BEGIN RECORDS FOR THIS EXERCISE
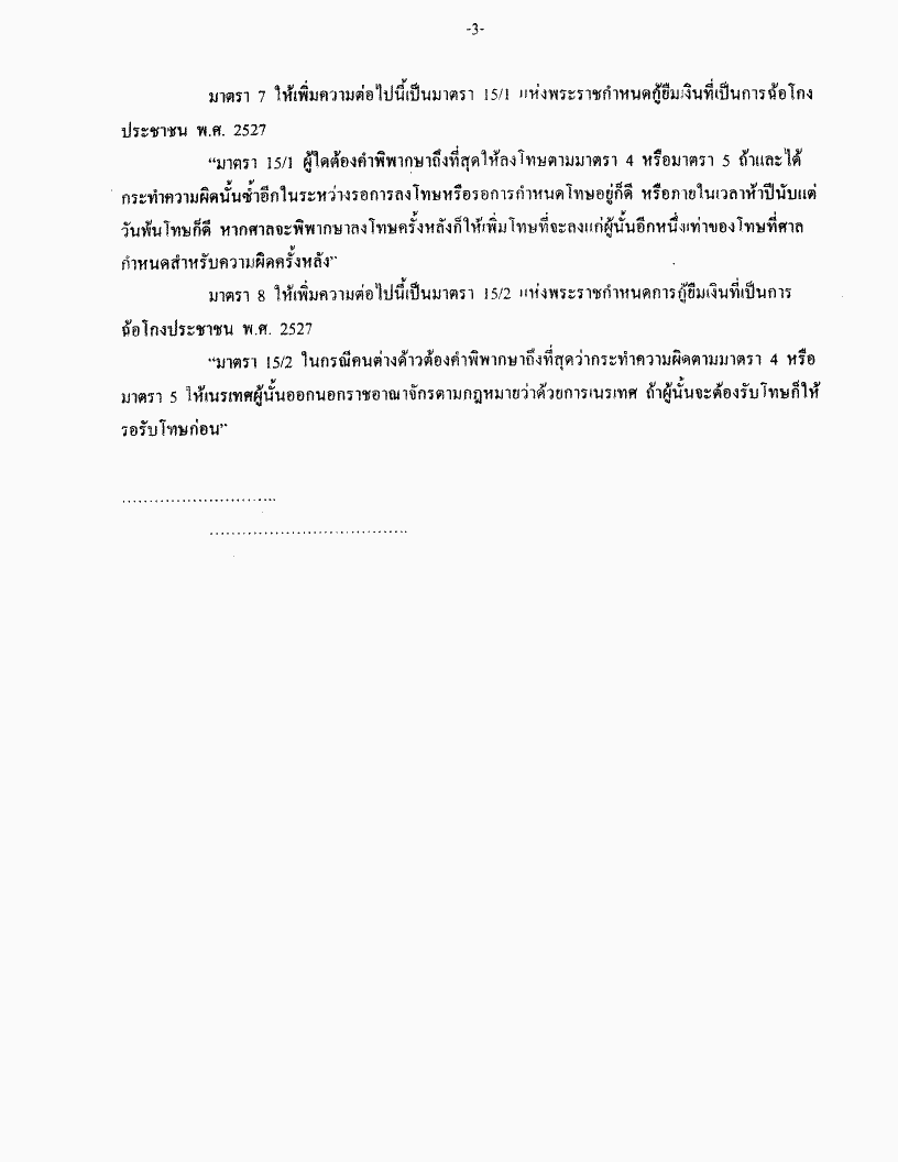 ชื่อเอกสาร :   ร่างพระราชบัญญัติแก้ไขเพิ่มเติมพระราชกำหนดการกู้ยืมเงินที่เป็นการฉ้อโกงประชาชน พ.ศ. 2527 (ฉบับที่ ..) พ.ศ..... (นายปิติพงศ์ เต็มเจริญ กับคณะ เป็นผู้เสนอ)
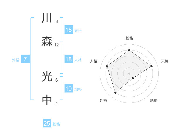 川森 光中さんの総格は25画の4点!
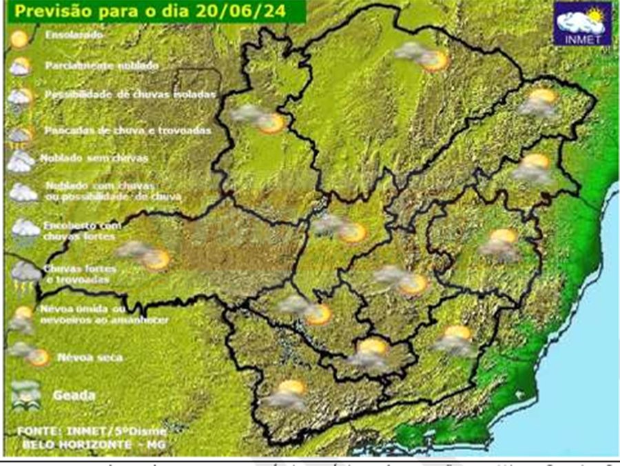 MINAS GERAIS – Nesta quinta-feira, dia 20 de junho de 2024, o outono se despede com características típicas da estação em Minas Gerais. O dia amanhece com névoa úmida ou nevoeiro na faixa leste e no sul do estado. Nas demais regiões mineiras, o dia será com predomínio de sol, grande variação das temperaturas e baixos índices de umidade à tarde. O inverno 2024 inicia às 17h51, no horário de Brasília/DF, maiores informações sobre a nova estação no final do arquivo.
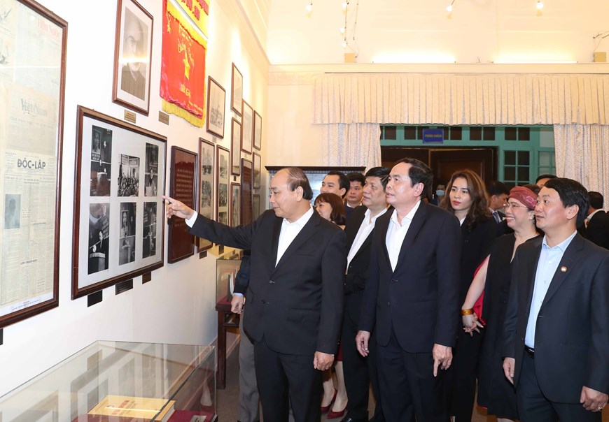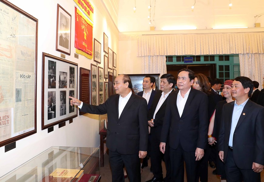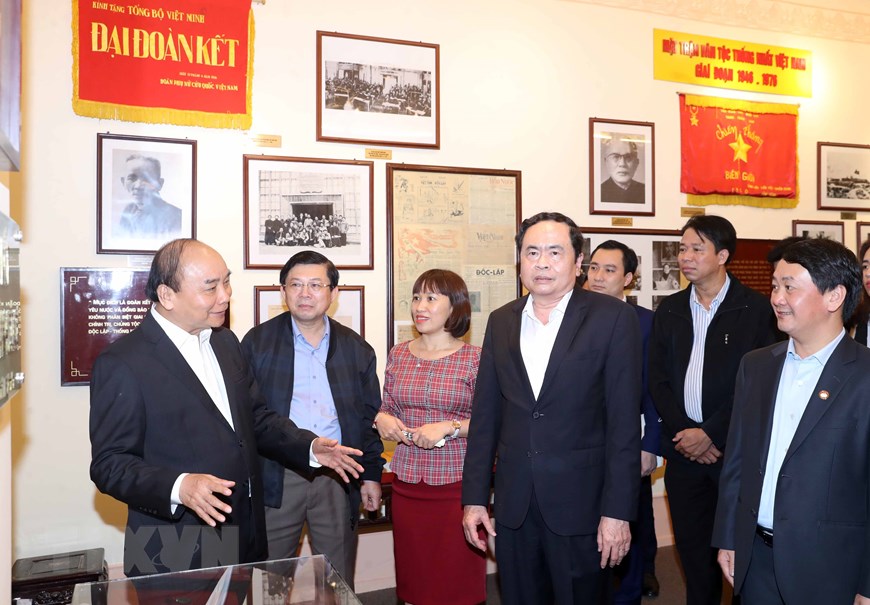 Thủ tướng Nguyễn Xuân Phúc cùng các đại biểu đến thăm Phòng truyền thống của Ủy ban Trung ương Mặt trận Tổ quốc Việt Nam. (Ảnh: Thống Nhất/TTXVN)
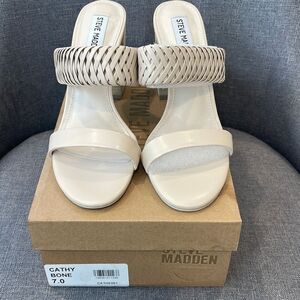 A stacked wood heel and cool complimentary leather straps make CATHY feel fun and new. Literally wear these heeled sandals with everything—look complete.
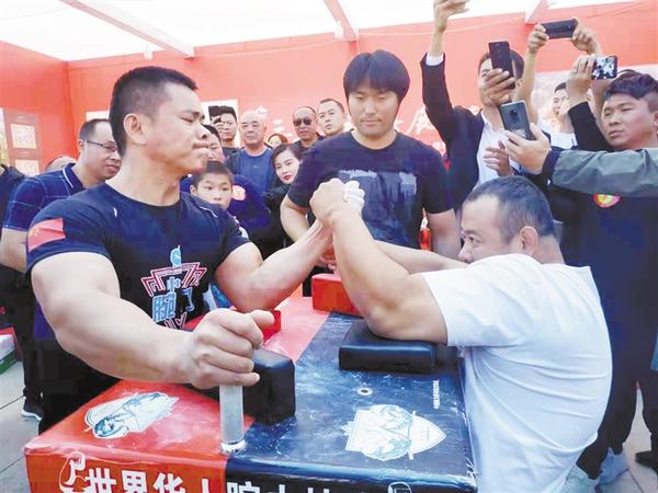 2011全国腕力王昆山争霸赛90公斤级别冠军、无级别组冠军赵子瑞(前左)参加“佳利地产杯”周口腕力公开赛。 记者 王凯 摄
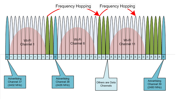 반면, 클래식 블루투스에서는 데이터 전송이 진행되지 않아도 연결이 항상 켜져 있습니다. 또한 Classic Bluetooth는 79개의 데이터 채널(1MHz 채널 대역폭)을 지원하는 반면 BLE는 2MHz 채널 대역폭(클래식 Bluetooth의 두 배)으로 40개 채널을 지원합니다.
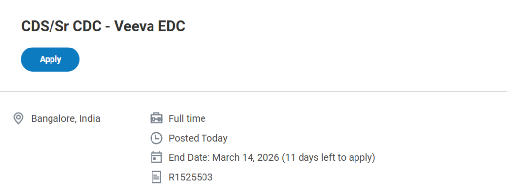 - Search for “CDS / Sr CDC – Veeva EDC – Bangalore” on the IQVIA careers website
END RECORDS FOR THIS EXERCISE
BEGIN RECORDS FOR THIS EXERCISE
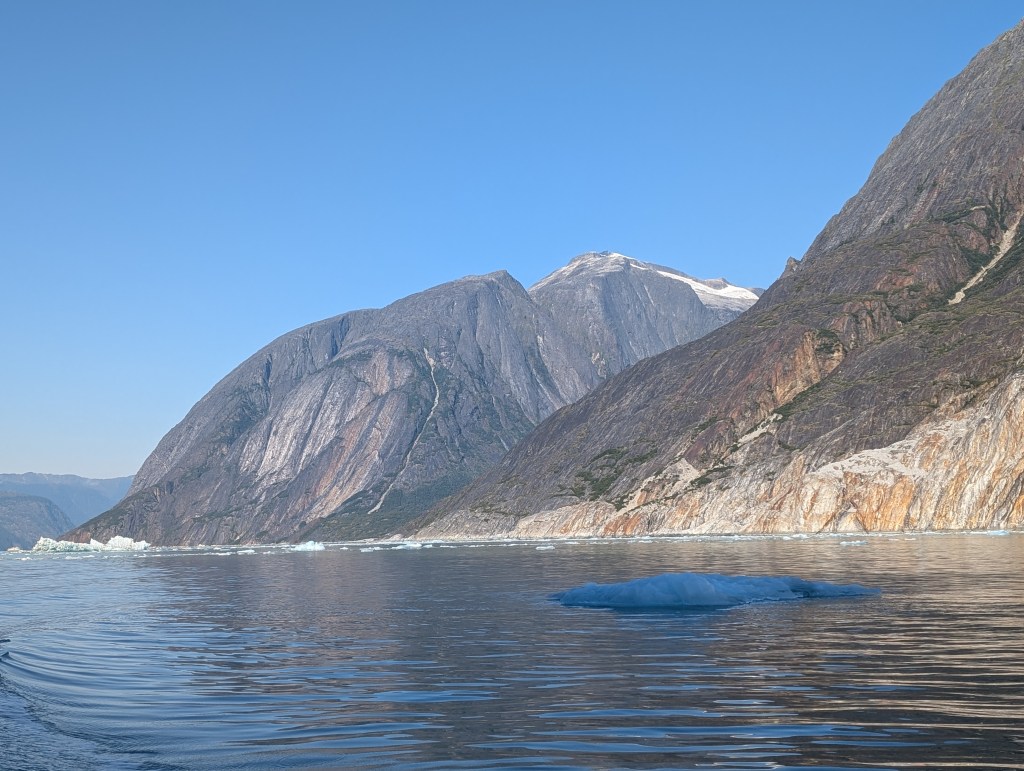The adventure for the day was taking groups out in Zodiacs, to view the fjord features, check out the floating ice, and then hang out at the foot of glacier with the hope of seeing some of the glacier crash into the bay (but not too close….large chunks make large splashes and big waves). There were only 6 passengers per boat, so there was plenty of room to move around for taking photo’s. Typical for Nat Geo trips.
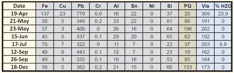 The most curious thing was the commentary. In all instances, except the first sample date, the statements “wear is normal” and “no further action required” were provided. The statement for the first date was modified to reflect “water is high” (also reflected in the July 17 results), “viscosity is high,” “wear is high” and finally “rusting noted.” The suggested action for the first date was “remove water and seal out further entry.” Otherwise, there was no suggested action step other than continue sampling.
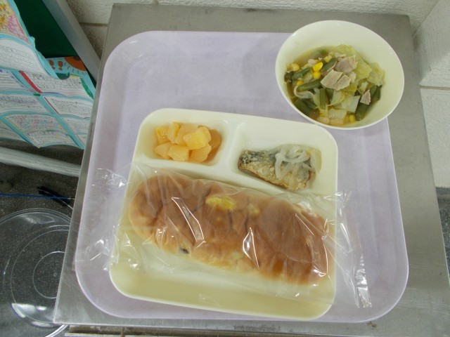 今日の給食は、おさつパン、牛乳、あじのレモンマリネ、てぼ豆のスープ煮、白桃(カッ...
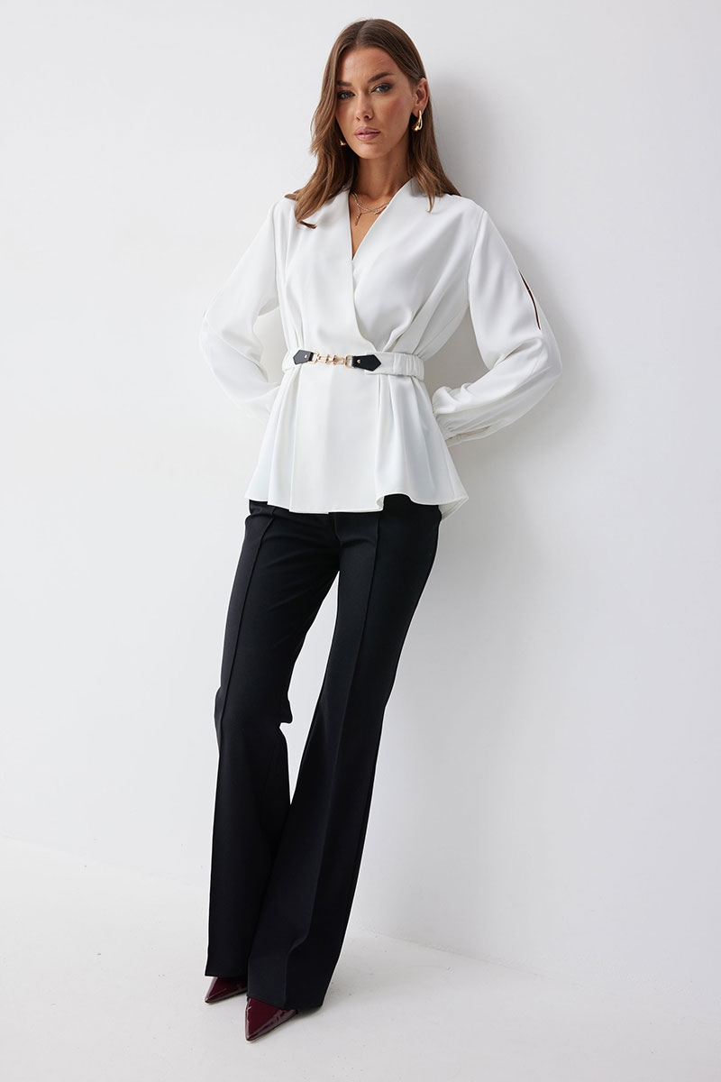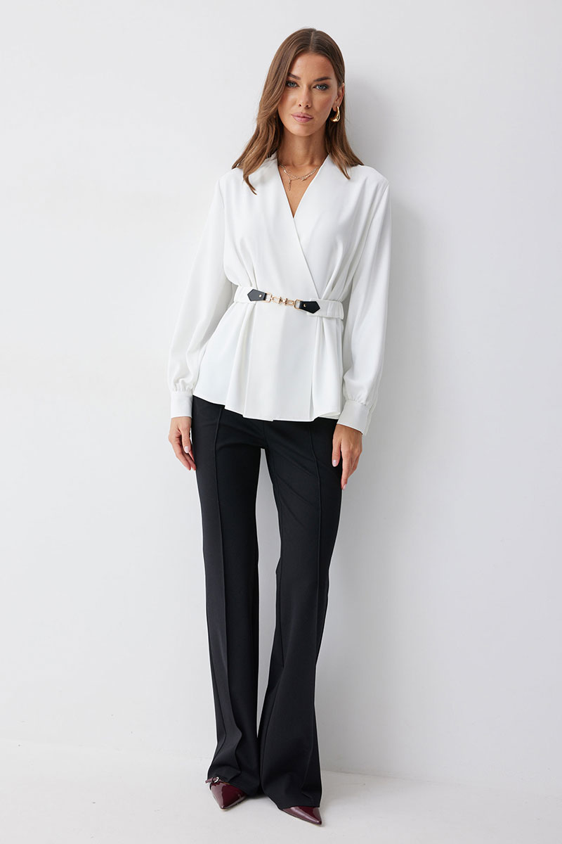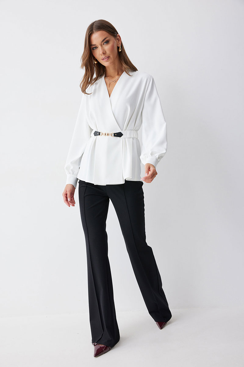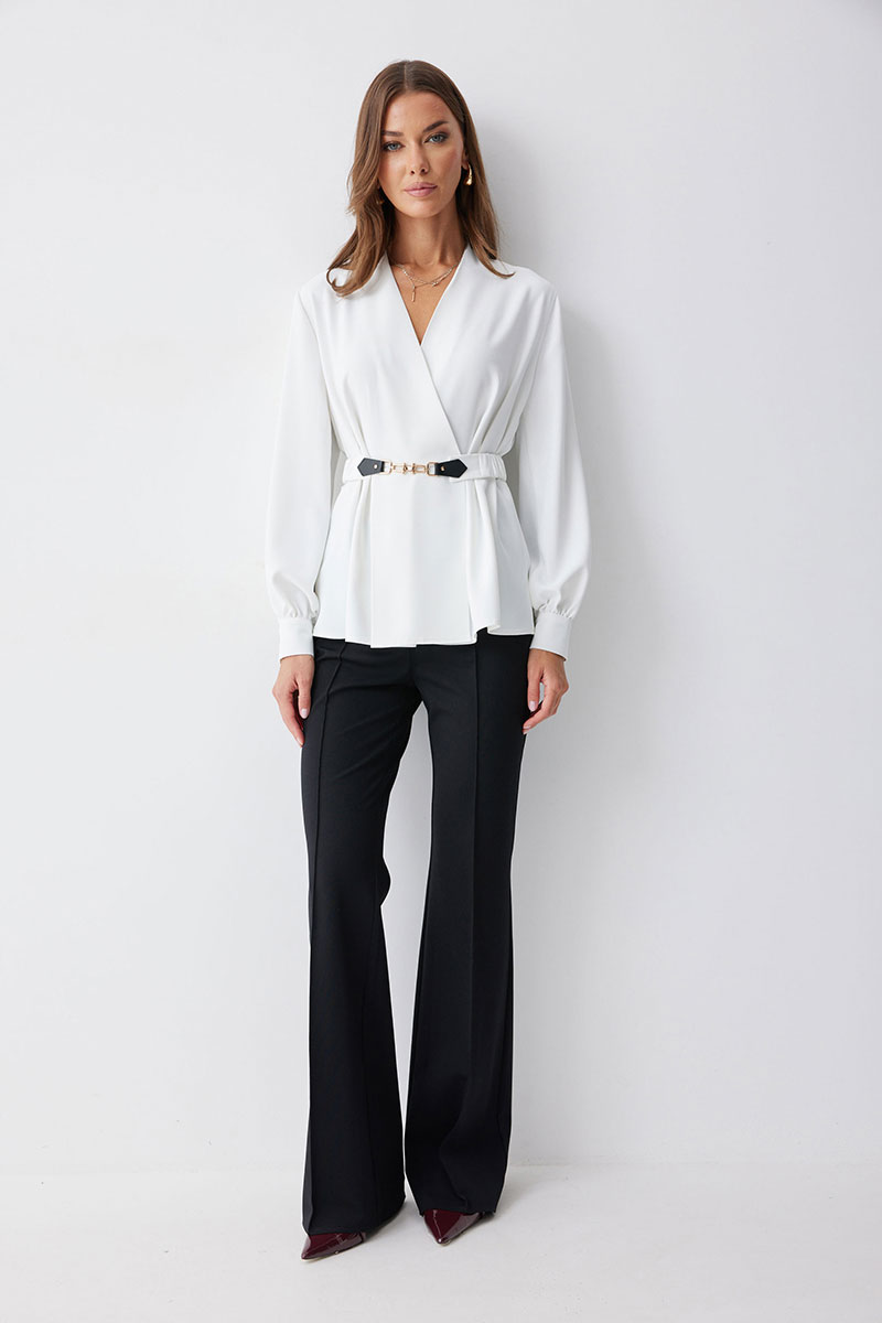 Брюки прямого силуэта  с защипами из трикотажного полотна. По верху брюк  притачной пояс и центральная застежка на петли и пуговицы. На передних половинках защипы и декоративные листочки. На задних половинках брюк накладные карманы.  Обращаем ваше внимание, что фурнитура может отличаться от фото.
END RECORDS FOR THIS EXERCISE
BEGIN RECORDS FOR THIS EXERCISE
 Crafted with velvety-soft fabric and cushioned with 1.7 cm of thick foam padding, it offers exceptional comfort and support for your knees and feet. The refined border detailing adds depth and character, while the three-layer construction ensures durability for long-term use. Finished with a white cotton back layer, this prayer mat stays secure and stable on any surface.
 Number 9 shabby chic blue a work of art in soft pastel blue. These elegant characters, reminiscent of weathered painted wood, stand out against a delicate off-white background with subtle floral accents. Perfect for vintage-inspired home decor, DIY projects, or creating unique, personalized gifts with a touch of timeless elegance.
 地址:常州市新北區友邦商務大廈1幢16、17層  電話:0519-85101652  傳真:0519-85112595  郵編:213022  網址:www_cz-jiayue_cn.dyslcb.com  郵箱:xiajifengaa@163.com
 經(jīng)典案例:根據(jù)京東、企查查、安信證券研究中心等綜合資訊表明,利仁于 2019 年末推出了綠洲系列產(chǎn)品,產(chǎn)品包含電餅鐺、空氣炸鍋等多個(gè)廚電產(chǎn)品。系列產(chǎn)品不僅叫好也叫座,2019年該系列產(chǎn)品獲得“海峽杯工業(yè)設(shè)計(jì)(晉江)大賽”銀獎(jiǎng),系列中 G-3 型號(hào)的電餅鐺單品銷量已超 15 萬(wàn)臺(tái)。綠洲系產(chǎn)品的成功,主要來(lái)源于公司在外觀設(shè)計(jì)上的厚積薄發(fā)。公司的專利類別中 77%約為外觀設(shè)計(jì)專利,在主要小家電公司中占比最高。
END RECORDS FOR THIS EXERCISE
* GOAL OF THE EXERCISE: No picture is to be printed. Output exactly the lines above from the line containing "반면, 클래식 블루투스에서는" through the line containing "- Search for".

* COMPLETED EXERCISE:
 반면, 클래식 블루투스에서는 데이터 전송이 진행되지 않아도 연결이 항상 켜져 있습니다. 또한 Classic Bluetooth는 79개의 데이터 채널(1MHz 채널 대역폭)을 지원하는 반면 BLE는 2MHz 채널 대역폭(클래식 Bluetooth의 두 배)으로 40개 채널을 지원합니다.
 - Search for “CDS / Sr CDC – Veeva EDC – Bangalore” on the IQVIA careers website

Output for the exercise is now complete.